MATERIAL PROVIDED Start Marker

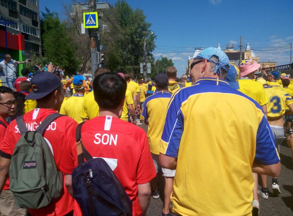 16.22 - Шведы и корейцы гуляли вместе и на стадион шли тоже вместе. Обстановка вполне миролюбивая, сообщает корреспондент "Страны" с места событий.
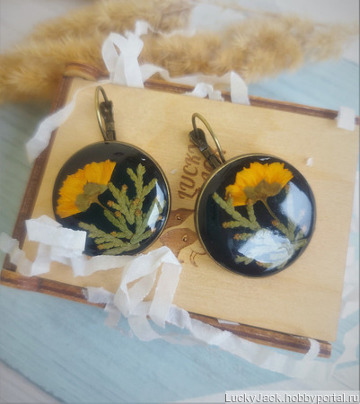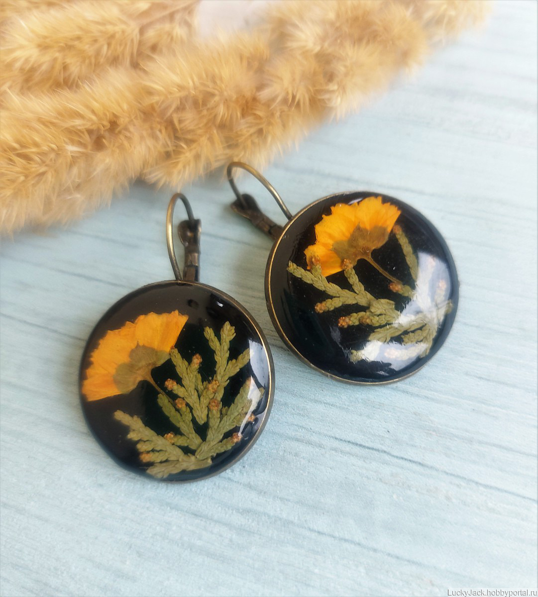 Серьги сделаны с настоящими цветами и травами на черной базе и финишным покрытием ювелирной эпоксидной смолой.
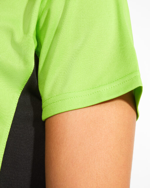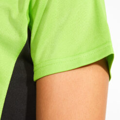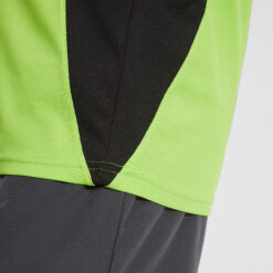 Camiseta técnica de manga corta transpirable. Cuello redondo con cubre costuras a tono. Tejido de fácil secado. Combinación de colores, paneles laterales a contraste.

MATERIAL PROVIDED End Marker

Starting with the opening line of the listing, write out each line exactly until the line that contains "Серьги сделаны с" has been included; skip the pictures.

 16.22 - Шведы и корейцы гуляли вместе и на стадион шли тоже вместе. Обстановка вполне миролюбивая, сообщает корреспондент "Страны" с места событий.
 Серьги сделаны с настоящими цветами и травами на черной базе и финишным покрытием ювелирной эпоксидной смолой.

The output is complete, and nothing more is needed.